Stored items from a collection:
◇ ◇ ◇ ◇

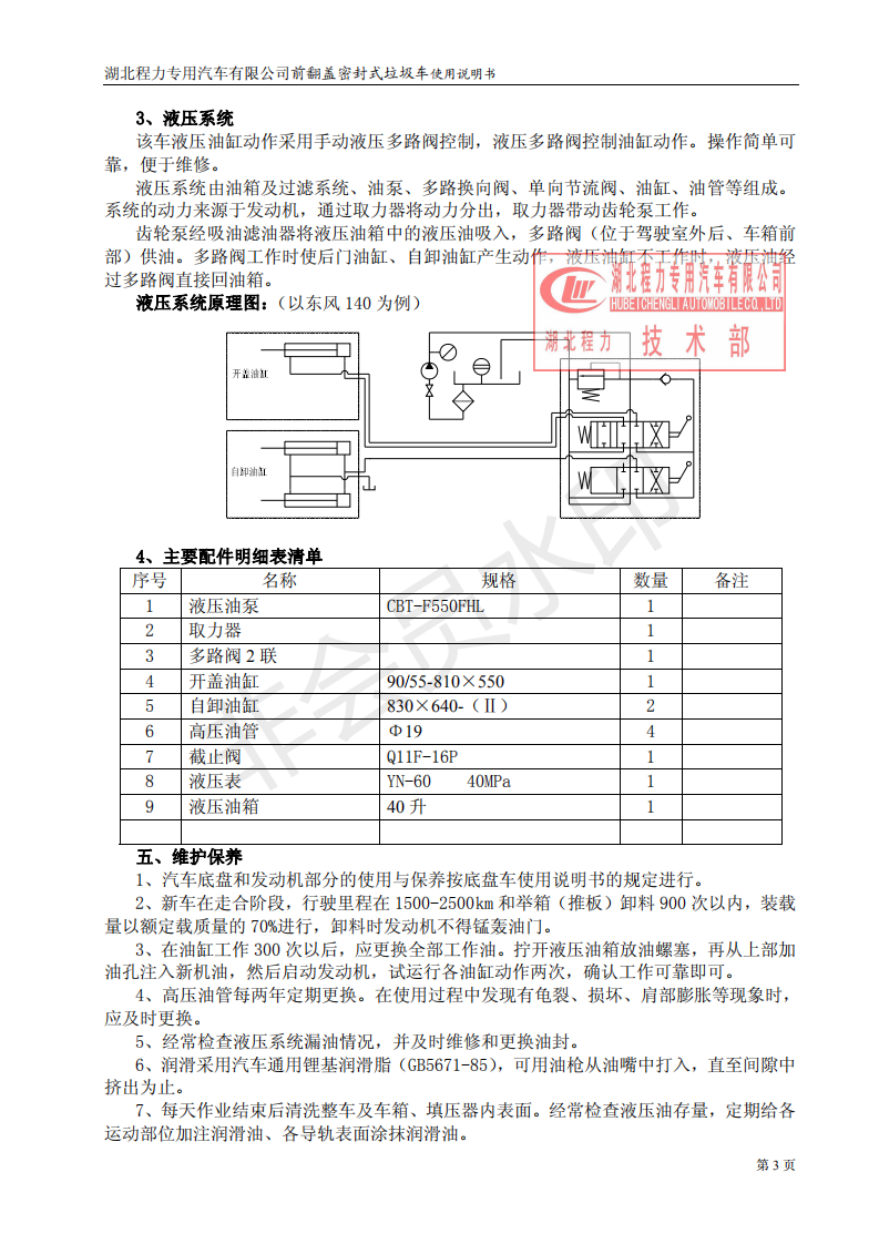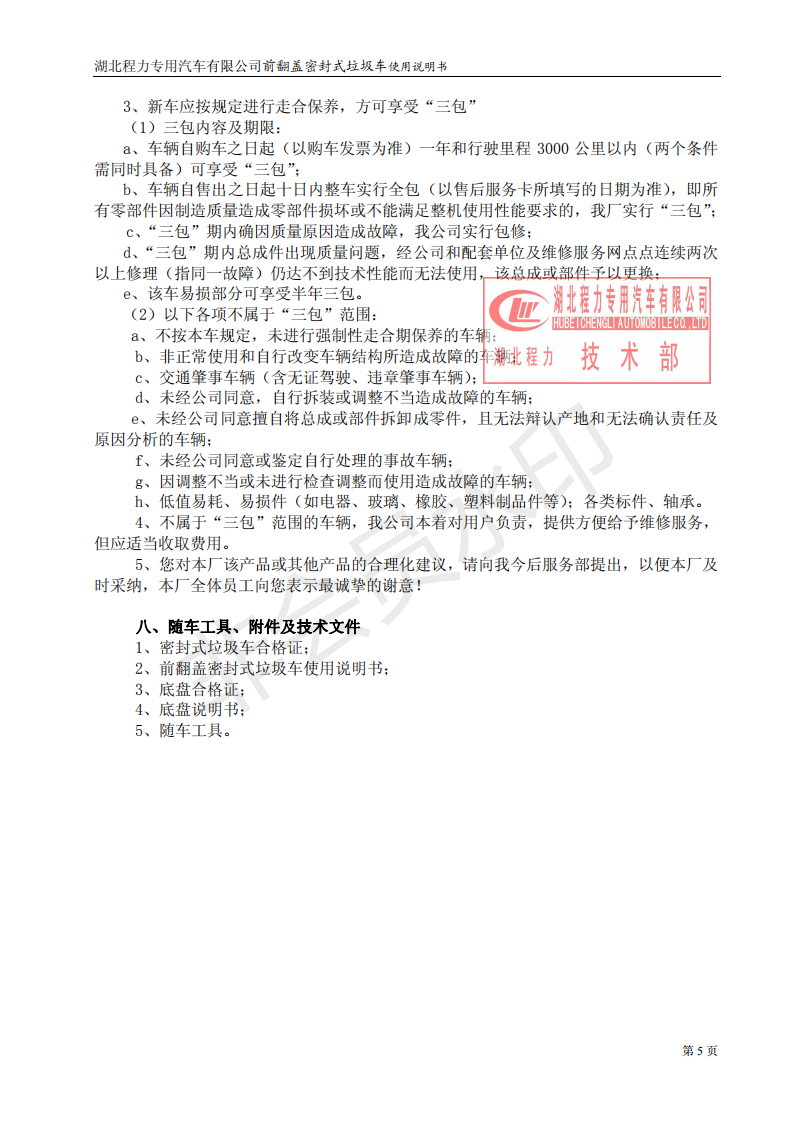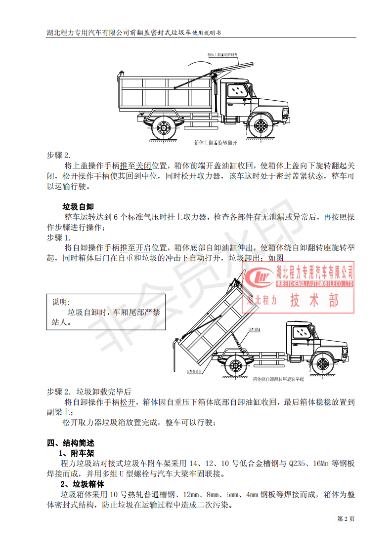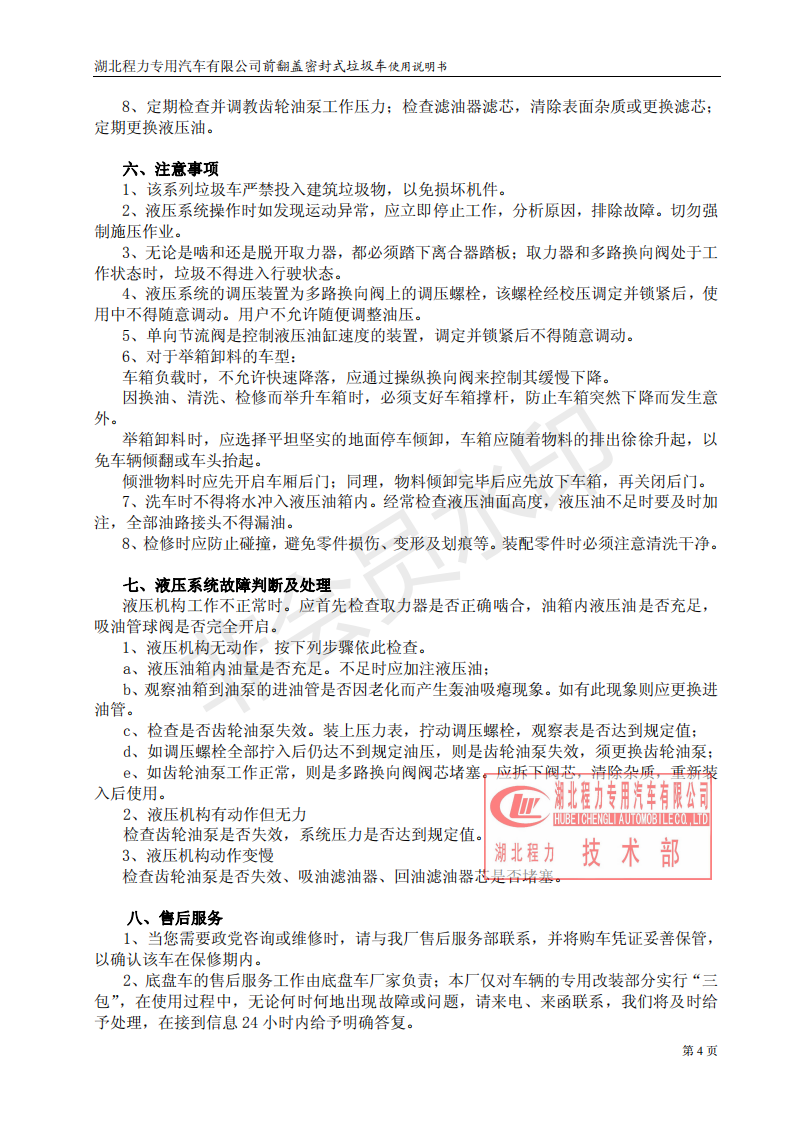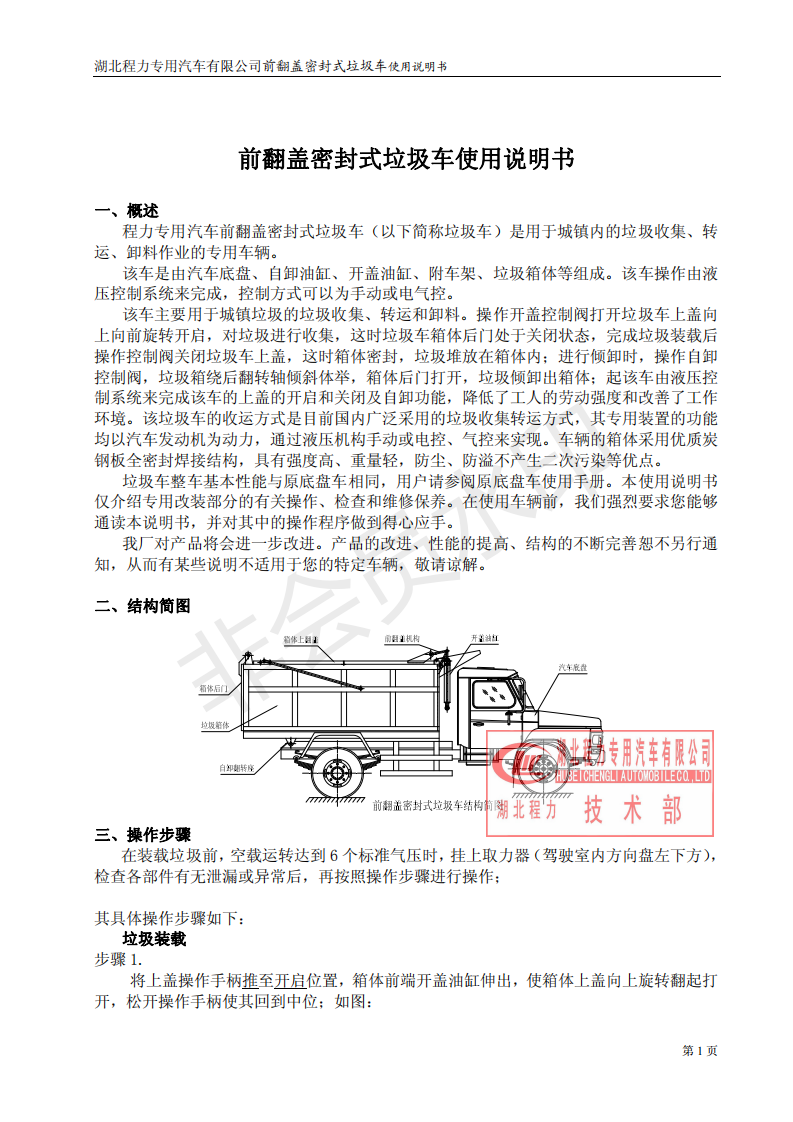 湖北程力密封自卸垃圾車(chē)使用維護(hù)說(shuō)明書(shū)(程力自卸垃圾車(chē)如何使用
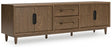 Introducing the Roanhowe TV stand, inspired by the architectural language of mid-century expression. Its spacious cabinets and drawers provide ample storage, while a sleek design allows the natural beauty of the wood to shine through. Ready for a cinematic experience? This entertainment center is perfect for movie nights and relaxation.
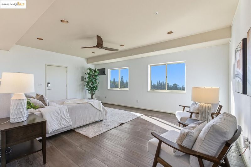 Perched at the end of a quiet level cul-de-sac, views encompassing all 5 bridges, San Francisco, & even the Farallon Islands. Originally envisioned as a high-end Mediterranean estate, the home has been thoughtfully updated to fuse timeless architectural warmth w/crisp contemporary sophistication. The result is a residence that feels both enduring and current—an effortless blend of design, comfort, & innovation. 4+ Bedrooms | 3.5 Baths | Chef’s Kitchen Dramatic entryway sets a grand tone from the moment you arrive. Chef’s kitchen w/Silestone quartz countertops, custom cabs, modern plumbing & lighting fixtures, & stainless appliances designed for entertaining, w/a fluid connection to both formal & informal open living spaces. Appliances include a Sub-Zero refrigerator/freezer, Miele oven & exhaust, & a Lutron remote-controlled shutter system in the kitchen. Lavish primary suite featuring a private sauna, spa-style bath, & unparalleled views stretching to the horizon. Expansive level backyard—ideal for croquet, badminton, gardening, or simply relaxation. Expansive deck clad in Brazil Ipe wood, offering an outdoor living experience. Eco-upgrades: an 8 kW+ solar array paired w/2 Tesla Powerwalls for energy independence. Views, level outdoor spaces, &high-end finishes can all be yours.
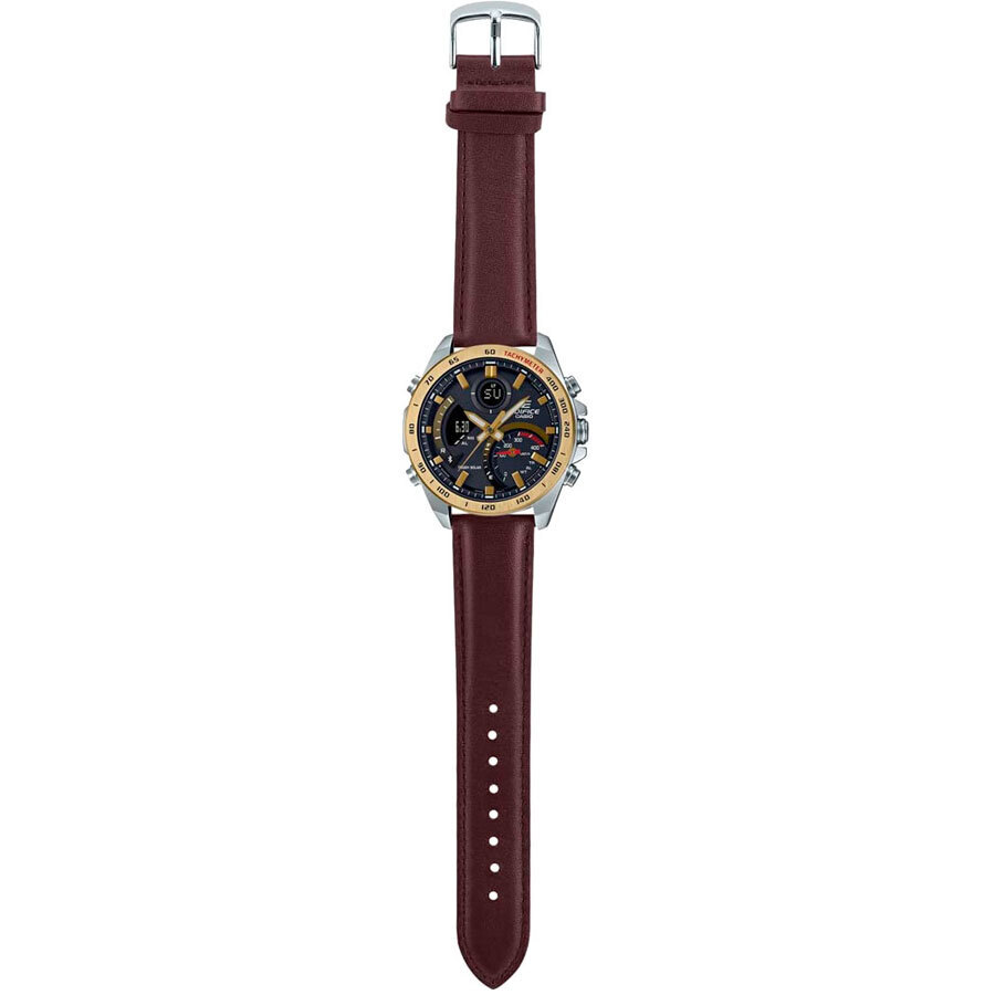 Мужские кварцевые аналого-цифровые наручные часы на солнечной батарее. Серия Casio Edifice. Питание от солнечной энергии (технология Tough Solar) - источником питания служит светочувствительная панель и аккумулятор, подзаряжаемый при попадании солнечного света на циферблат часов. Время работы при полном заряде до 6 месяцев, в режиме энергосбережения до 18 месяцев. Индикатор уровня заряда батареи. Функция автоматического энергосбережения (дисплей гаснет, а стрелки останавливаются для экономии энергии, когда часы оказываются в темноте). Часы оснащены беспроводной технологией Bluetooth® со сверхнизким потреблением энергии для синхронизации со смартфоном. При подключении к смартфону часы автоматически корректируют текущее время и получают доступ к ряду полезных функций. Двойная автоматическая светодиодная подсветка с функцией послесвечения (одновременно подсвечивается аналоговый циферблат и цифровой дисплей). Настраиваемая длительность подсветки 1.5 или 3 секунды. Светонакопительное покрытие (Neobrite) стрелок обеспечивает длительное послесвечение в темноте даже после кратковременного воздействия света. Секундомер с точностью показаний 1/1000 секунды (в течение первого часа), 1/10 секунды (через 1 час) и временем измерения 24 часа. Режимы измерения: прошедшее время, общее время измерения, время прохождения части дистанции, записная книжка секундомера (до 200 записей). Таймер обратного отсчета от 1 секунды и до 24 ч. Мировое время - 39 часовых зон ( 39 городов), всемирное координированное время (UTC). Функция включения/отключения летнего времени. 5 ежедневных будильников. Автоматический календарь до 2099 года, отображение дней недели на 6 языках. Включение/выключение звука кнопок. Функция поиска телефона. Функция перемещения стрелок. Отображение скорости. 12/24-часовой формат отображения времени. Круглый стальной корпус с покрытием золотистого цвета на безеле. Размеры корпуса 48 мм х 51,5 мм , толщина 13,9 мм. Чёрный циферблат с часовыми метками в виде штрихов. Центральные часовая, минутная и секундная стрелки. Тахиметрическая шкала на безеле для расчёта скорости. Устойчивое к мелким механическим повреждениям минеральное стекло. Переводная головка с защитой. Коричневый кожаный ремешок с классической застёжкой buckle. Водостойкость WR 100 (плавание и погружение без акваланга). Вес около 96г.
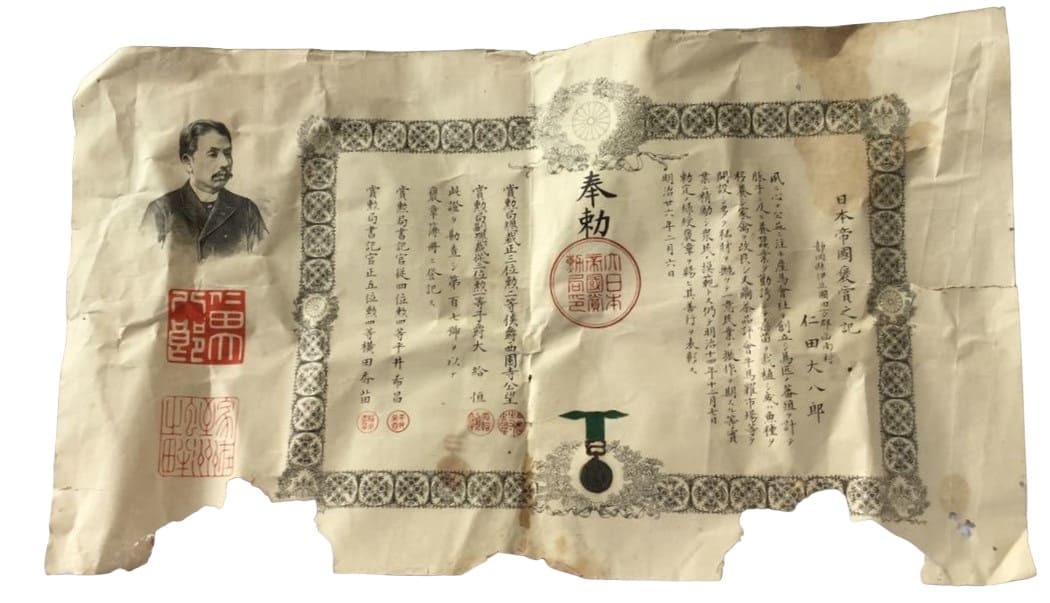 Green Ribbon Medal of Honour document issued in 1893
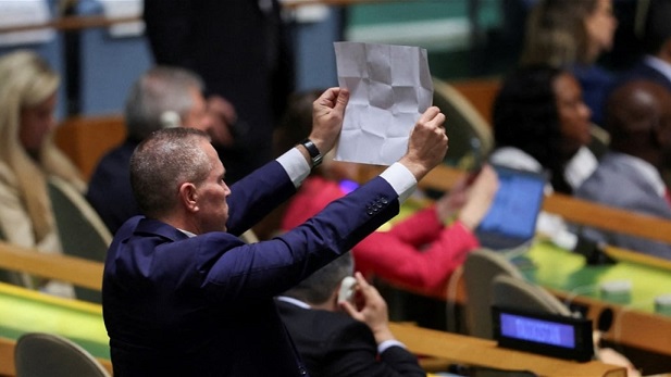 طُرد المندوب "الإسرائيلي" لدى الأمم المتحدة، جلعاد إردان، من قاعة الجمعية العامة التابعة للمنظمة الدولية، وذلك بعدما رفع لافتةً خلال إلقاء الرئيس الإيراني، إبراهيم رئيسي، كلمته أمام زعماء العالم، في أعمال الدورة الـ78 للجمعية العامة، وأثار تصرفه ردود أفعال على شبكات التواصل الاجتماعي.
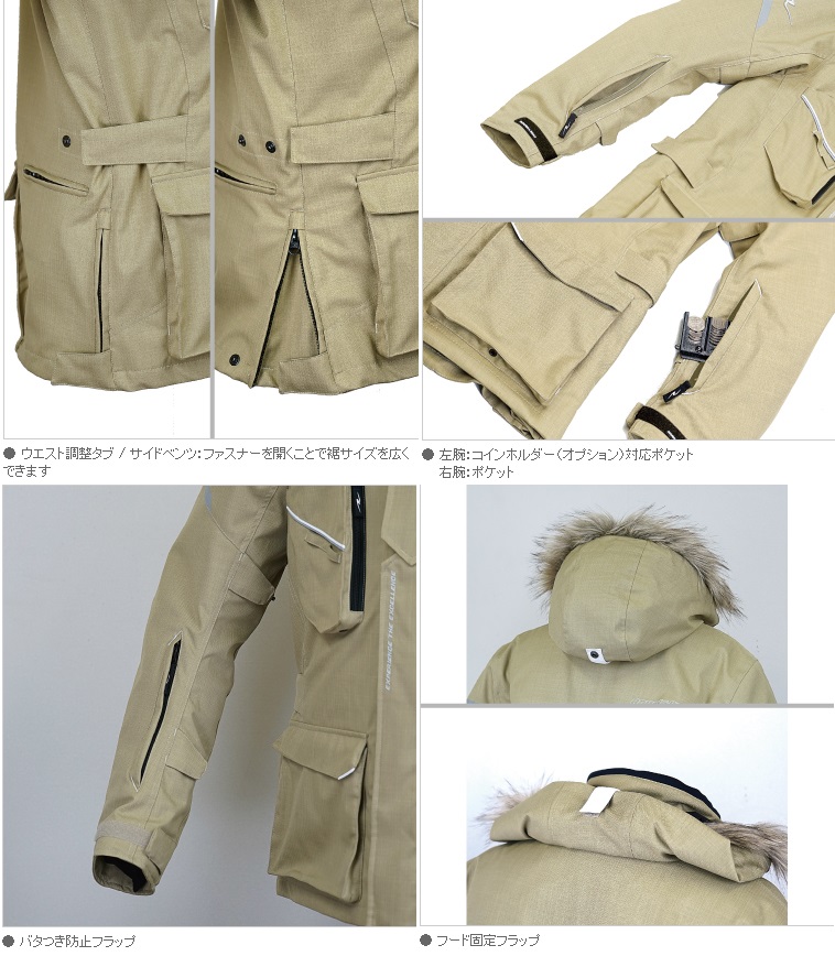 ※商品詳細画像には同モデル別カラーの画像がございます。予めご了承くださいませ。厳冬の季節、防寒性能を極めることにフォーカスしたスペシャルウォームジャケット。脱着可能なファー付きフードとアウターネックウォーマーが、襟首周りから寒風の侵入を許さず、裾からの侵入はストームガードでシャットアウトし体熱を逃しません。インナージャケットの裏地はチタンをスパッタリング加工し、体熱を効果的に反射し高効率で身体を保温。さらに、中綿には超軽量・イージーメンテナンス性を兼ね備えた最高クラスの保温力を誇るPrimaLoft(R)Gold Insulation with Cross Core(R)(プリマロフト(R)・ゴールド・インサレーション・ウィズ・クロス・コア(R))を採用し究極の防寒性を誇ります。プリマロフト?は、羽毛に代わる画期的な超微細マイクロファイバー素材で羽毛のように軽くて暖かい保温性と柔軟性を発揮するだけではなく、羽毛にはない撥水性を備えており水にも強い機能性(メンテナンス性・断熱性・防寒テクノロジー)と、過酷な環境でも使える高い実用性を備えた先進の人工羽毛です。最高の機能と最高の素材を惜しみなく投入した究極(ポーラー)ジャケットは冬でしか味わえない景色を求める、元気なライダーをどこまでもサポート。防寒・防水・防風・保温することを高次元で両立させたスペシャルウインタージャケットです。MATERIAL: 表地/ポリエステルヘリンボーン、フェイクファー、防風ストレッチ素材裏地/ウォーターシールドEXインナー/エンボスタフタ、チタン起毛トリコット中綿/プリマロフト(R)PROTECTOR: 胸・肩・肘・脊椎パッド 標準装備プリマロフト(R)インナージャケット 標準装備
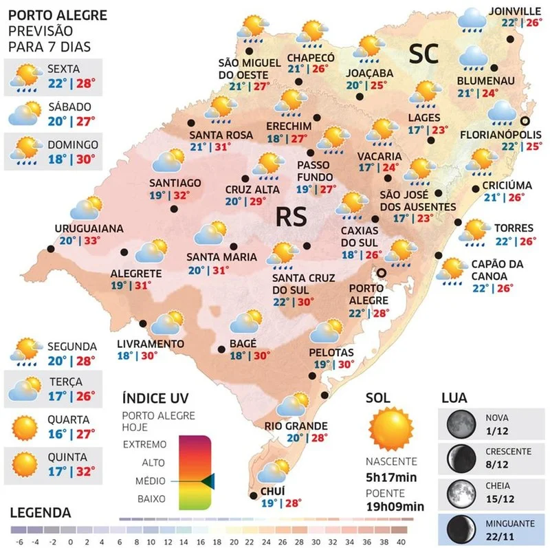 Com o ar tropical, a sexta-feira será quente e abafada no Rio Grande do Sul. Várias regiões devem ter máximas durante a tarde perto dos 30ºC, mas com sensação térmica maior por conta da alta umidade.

◇ ◇ ◇ ◇

What the task asks =>
From the first line of the entries above through the line with "Introducing the Roanhowe", set down each line exactly and drop the pictures.

Completed exercise =>
 湖北程力密封自卸垃圾車(chē)使用維護(hù)說(shuō)明書(shū)(程力自卸垃圾車(chē)如何使用
 Introducing the Roanhowe TV stand, inspired by the architectural language of mid-century expression. Its spacious cabinets and drawers provide ample storage, while a sleek design allows the natural beauty of the wood to shine through. Ready for a cinematic experience? This entertainment center is perfect for movie nights and relaxation.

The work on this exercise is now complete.